Faculty Blog

 

Allowing Boys Tenderness

I am always grateful for the Friday afternoon sessions at my home with the senior class at Fenn—our Pen to Paper Club.  Started three years ago by a member of the Class of 2011 to answer a longing to do something different in the afternoon, we set up a voluntary ninth grade club to read poetry and to write and draw in response to it.  My offer was guidance and a place to gather away from the school with appealing food and drinks: think salt and sugar.

It quickly became clear that all of the ninth graders wanted to be part of the club and that while poetry was the supposed main reason for its existence, the real reason the boys wanted to come to the Headmaster’s House was to be together as seniors away from the everyday workings of school, enjoying each other’s company and sharing hilarious and often moving, meaningful stories about their lives—in their families, in school, and in the world.

While poetry may be the vehicle to provoke memories and honest conversation, it always amazes me how quickly and easily they will move to honest and open conversation about embarrassing or tender moments in their lives.  They laugh a lot, too—fine, open, contagious laughter that tells me they are in it together at least for this short time on Friday afternoon.
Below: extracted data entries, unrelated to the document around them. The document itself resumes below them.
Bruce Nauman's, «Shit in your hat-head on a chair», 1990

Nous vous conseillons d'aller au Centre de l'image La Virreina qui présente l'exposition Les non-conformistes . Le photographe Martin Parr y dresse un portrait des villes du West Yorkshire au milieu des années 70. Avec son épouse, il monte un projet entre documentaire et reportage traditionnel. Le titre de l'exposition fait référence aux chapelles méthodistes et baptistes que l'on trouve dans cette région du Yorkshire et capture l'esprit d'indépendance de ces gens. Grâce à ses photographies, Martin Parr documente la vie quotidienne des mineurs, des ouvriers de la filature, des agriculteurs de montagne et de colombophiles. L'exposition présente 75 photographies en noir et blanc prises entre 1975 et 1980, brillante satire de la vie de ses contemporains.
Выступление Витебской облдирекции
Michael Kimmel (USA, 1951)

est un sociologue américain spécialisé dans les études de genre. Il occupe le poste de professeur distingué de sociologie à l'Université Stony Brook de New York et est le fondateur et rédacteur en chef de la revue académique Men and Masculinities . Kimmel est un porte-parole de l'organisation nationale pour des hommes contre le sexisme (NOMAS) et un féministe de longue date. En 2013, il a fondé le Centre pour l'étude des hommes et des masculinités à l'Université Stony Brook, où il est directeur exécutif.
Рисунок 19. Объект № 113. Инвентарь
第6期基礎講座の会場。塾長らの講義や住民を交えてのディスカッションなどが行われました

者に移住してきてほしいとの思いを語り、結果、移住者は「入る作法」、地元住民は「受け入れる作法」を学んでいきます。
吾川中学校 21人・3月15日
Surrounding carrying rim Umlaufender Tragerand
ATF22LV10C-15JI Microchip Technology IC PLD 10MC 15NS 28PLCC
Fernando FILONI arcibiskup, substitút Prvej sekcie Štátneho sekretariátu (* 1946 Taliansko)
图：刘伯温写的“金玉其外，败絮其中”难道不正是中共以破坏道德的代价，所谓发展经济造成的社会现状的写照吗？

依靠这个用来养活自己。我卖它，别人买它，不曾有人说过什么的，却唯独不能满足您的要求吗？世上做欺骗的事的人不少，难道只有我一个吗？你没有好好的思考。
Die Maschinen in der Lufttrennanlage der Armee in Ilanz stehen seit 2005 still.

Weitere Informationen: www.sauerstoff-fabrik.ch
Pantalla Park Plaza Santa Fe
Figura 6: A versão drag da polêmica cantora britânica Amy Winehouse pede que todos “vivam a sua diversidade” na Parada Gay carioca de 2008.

I reflect a lot on the nature of gender and how it defines how we operate in the world.  I am more and more convinced there is a lot of evolutionary biology mucking around inside us that leads us to do what we do. Being with males in an intense way for the last thirty-four years as a parent of three grown sons and on a boys’ school campus for twenty-one (even as I taught and advised at a women’s college for twenty of those thirty-four years), I am struck at how tender males are and can be in their own company around common ground that unites them—losing a hard-fought game in its final moments, fear of losing a mother who is seriously sick or at risk, sadness at the death of a beloved teacher or peer, the terrible embarrassment of failure for a classmate.  Boys so often rise to tenderness when given the opportunity by adults who cede emotional control to them in a safe place where no judgment is being made about strong feelings—sad or happy.  They want so badly to belong, to count as something, to be seen as accomplished by their peers and their classmates.  They want so badly to be remembered as significant during their time at school—not to be one of those kids relegated to the sidelines or fading away behind the others as they walk from one place to another. 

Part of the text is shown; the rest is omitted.